***** MATERIAL SHOWN

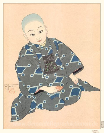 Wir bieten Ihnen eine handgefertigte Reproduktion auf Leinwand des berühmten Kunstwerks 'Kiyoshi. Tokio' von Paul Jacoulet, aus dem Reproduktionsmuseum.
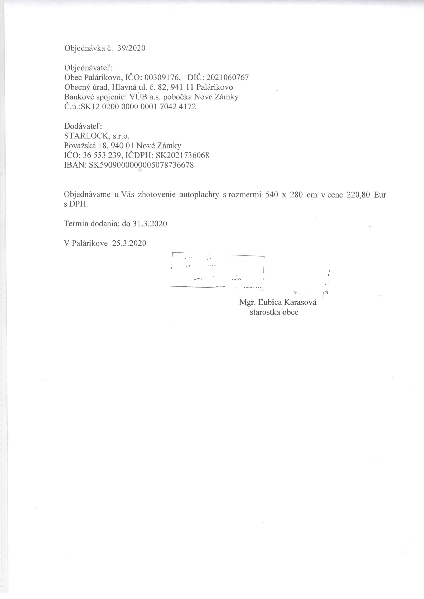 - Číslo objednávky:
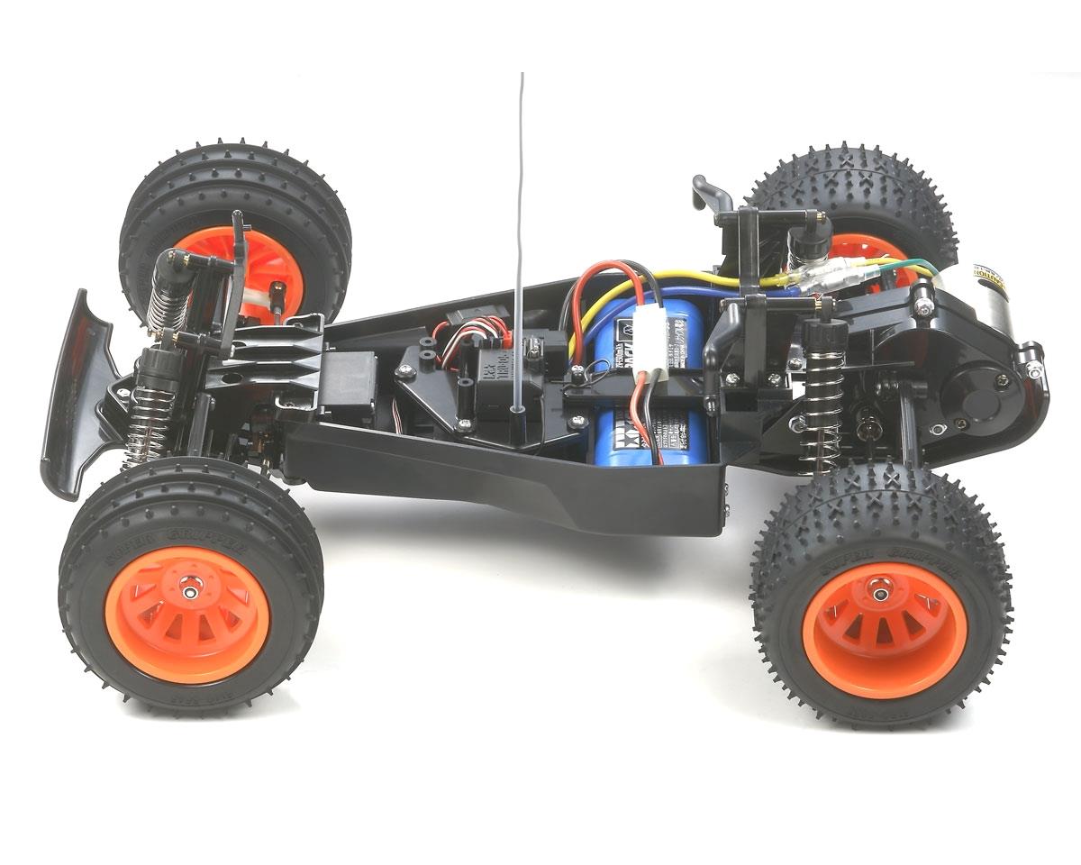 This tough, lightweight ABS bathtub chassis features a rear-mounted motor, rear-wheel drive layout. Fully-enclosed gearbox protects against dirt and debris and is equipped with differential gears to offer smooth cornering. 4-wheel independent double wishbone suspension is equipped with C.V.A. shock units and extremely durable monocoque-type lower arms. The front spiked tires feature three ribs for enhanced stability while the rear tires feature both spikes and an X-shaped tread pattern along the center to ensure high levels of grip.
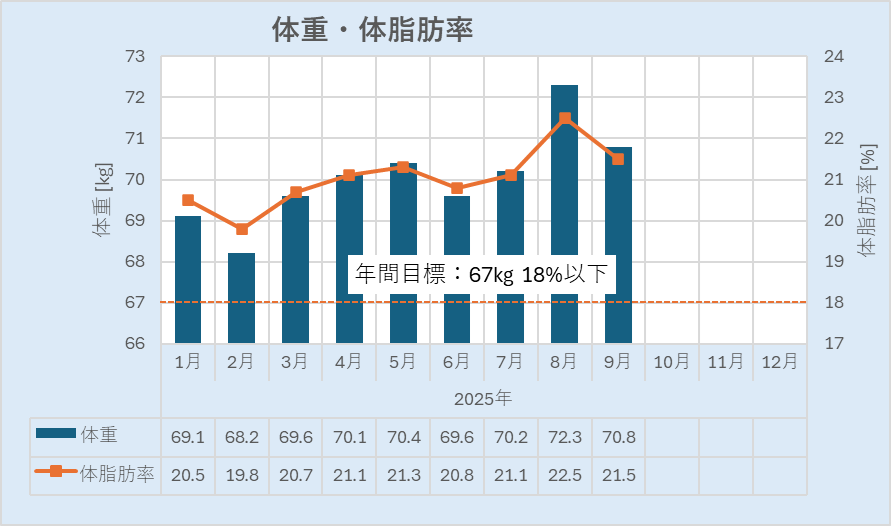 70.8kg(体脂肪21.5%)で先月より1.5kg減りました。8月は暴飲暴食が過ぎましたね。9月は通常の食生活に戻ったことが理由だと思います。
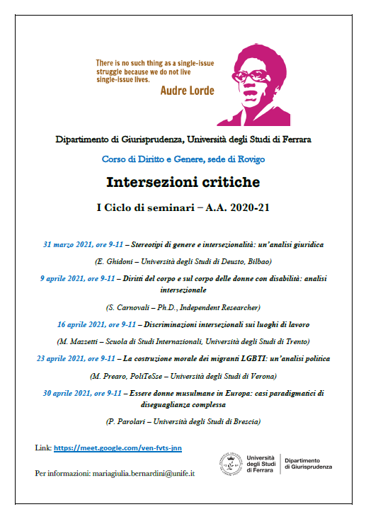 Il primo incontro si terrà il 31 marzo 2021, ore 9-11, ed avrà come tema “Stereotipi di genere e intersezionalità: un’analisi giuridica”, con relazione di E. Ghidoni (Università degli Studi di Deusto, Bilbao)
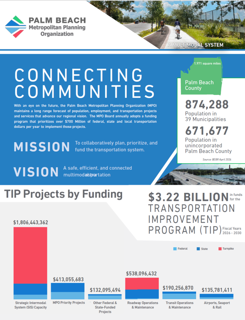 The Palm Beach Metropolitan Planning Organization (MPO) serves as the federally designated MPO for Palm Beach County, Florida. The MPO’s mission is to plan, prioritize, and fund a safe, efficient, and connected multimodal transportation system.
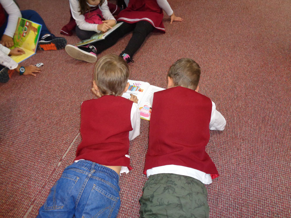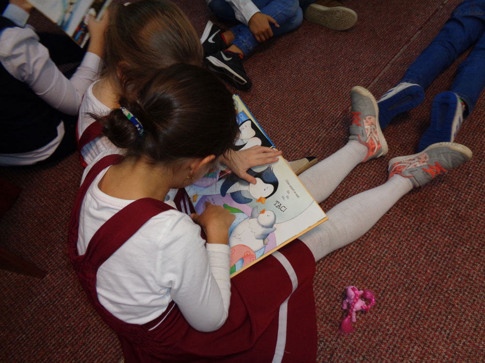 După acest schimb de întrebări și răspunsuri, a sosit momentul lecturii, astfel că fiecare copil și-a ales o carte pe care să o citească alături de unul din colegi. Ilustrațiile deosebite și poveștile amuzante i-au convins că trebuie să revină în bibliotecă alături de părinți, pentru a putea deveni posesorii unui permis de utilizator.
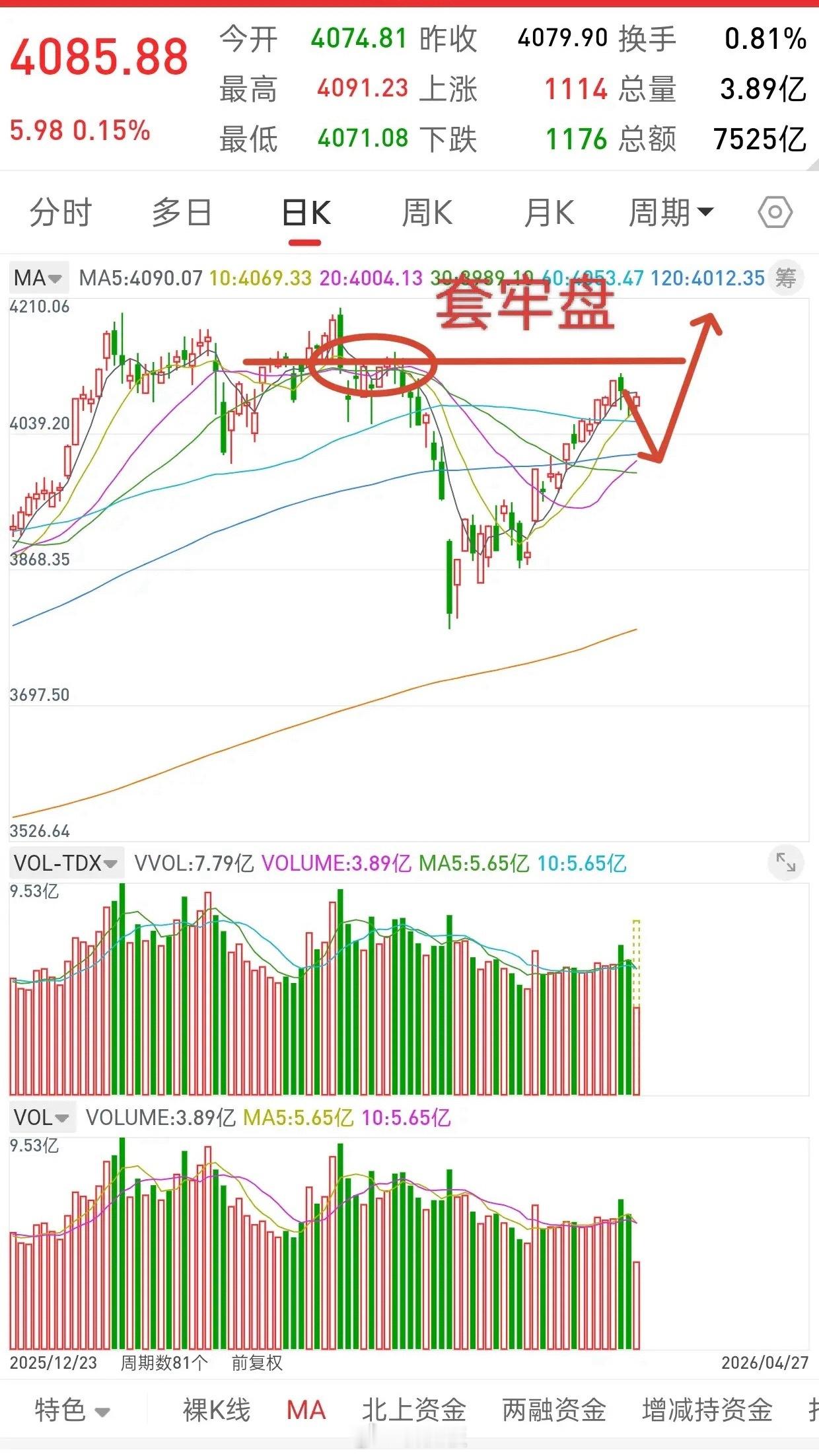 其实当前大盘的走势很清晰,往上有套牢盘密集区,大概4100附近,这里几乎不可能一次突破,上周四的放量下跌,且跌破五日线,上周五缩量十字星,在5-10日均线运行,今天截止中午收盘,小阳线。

**********
***** MATERIAL SHOWN

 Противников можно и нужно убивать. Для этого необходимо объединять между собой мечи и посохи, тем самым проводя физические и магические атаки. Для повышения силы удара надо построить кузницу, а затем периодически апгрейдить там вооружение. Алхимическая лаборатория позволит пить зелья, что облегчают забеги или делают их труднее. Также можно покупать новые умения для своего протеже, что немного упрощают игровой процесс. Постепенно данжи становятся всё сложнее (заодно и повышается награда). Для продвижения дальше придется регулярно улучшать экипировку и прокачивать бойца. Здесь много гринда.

**********
***** MATERIAL SHOWN

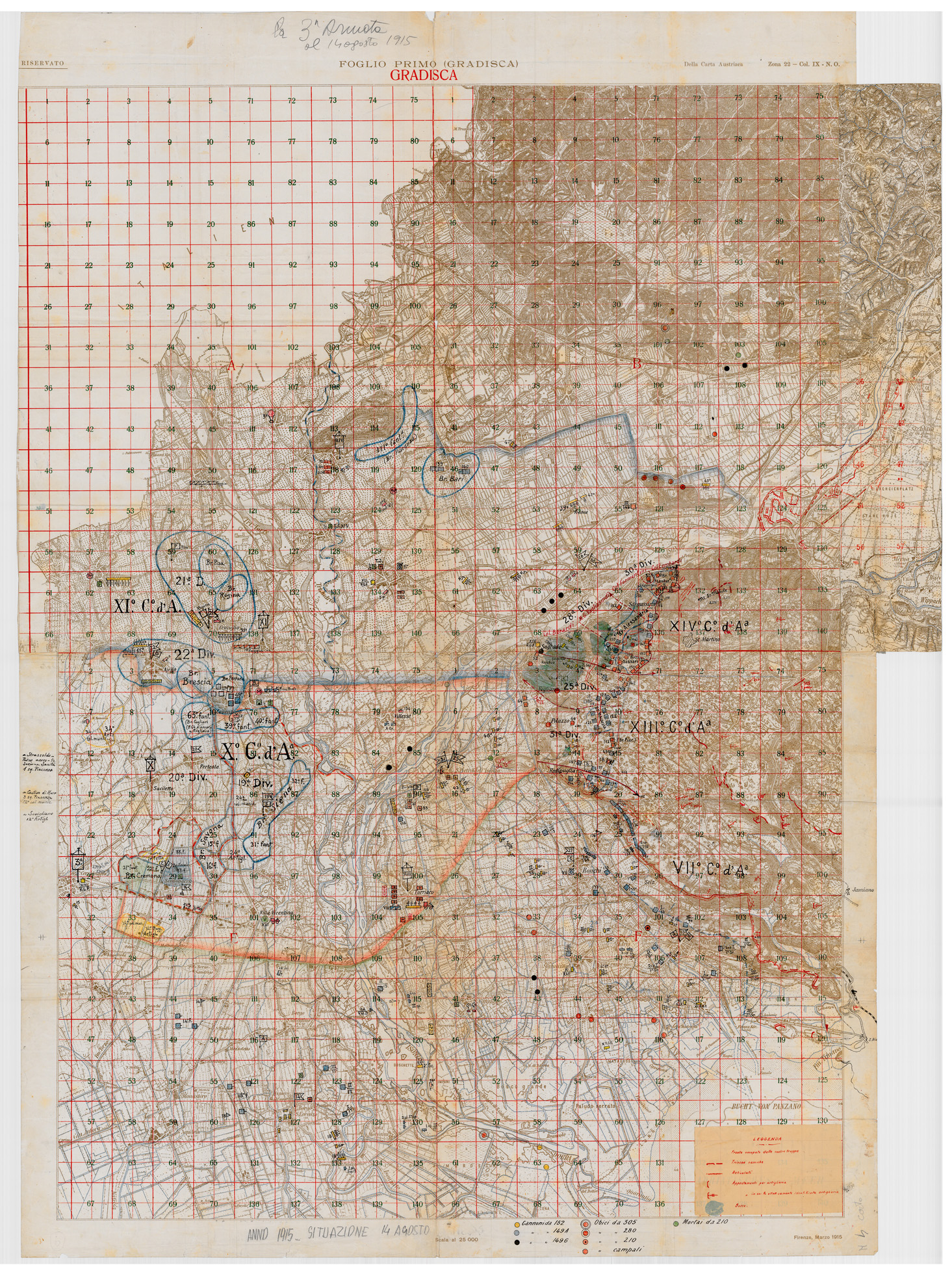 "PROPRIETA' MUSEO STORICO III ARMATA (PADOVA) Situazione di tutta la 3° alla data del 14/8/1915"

**********

• **WHAT THE TASK ASKS**
In the entries above, every line from the line with "După acest schimb" to the line with "其实当前大盘的走势很清晰,往" is to be printed exactly, with both ends included and pictures excluded.

• **TASK RESPONSE**
 După acest schimb de întrebări și răspunsuri, a sosit momentul lecturii, astfel că fiecare copil și-a ales o carte pe care să o citească alături de unul din colegi. Ilustrațiile deosebite și poveștile amuzante i-au convins că trebuie să revină în bibliotecă alături de părinți, pentru a putea deveni posesorii unui permis de utilizator.
 其实当前大盘的走势很清晰,往上有套牢盘密集区,大概4100附近,这里几乎不可能一次突破,上周四的放量下跌,且跌破五日线,上周五缩量十字星,在5-10日均线运行,今天截止中午收盘,小阳线。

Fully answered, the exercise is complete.